来年から始まる裁判員制度で、障害のある人が裁判員に選ばれたとき、どのような支援が必要か検証する模擬裁判が東京地方裁判所で開かれ、耳の不自由な人が全国で初めて裁判員として参加し、手話通訳のサポートを受けながら審理に臨みました。
模擬裁判では、酒に酔った男が顔見知りの男性をナイフで刺した殺人未遂事件の審理が行われ、被告に殺意があったかどうかが争点になりました。
耳の不自由な人が参加した法廷では、3人の手話通訳が交代で審理や評議でのやりとりをすべて手話で伝えました。
裁判員制度では、わかりやすい裁判を目指して図や表を法廷のモニターに映すなど視覚的な資料を多く使いますが、これらの資料を見ている間は、手話を見ることが難しくなります。
このため、検察官は、モニターの画面と手話通訳を交互に見られるよう、文章を区切ってゆっくりと説明していました。
その一方で、弁護士の説明はとぎれなく続いたため、手話が追いつかない場面も見られました。
裁判員として参加した木村晴美さんは「参加できたことは満足ですが、わからないことがあっても途中で聞き直すのは難しく、理解できない点もありました。
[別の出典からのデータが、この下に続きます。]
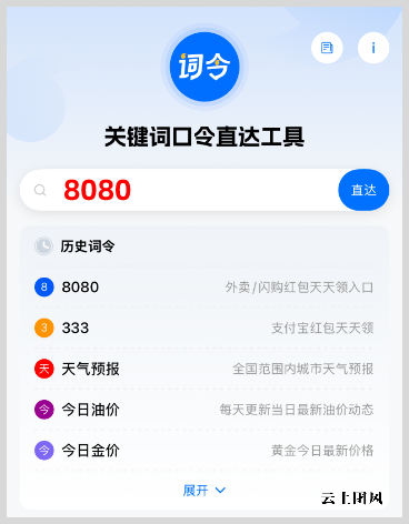 词令直达外卖红包领取口令使用方法:打开词令APP,输入口令“ 8080 ”,搜索进入即可领取美团外卖红包、京东外卖红包、淘宝闪购外卖红包;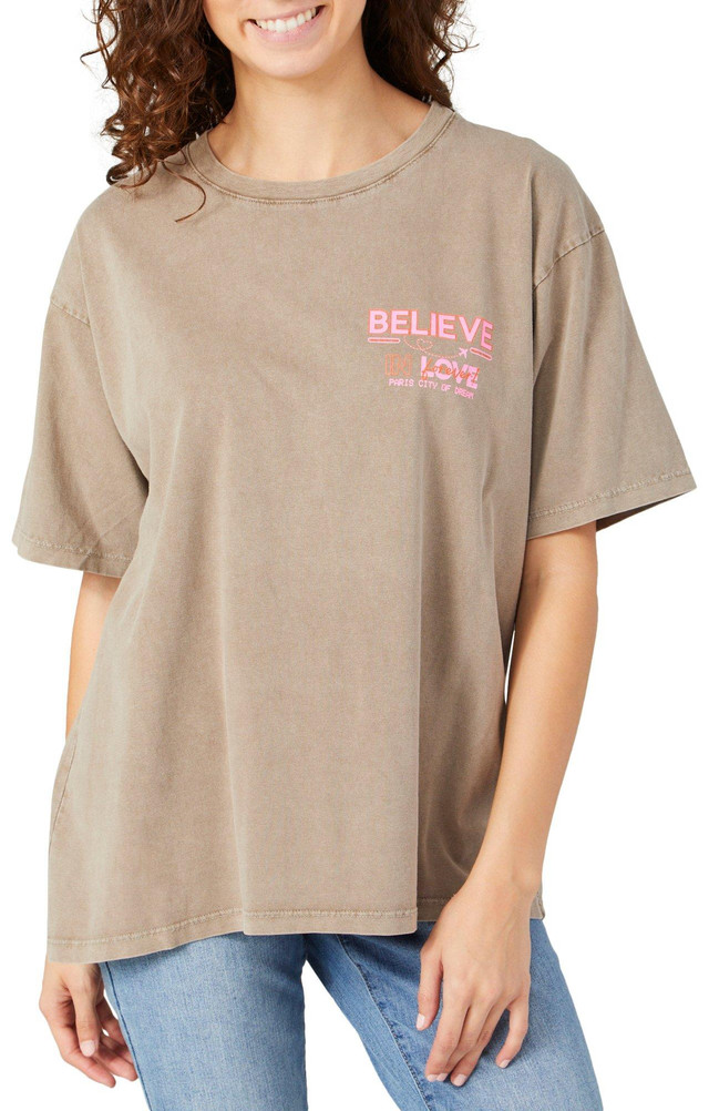 Introducing the Juniors Believe In Love T-Shirt, crafted from 100% cotton for a soft and comfortable feel. This stylish t-shirt features a Believe In Love script and a map-themed graphic design, adding a touch of inspiration and adventure to your casual wardrobe. Perfect for everyday wear, this t-shirt combines fashion and meaningful messaging seamlessly, making it a unique and eye-catching piece.

手話通訳の技術によっても差が出るので、ぜひ技術を高める研修を企画してほしい」と話していました。
耳の不自由な人が裁判員として参加したのは全国で初めてで、裁判所では、こうした模擬裁判を重ねて障害のある人への支援態勢を整えたいとしています。
裁判員制度については様々な問題が指摘されていますが、障害を持つ人がきちんと裁判員として成り立つ環境を国が準備することもその一つです。確かに耳の不自由な方が、裁判をリアルタイムで全てを追って把握できるかと言えば、難しいのかもしれません。それに対して、裁判員制度では今のところ、選ばれる抽選によっては当然、障害を持つ方もいらっしゃると思います。これから来年に向けてきちんと環境を整えて欲しいものです。
しかし、これは問題点の1つに過ぎず、大元の裁判員制度の守秘義務や、量刑までを裁判員が判断するという責任の重さを考慮すると、来年の実施までの期間に見直し、検討が必要不可欠なのではないかと、心底考えています。簡単に可決されてしまったこの「裁判員制度」が問題なくスムーズにいくはずもなく、根底の基準、制度そのものを是非、今一度討論してもらいたいものです。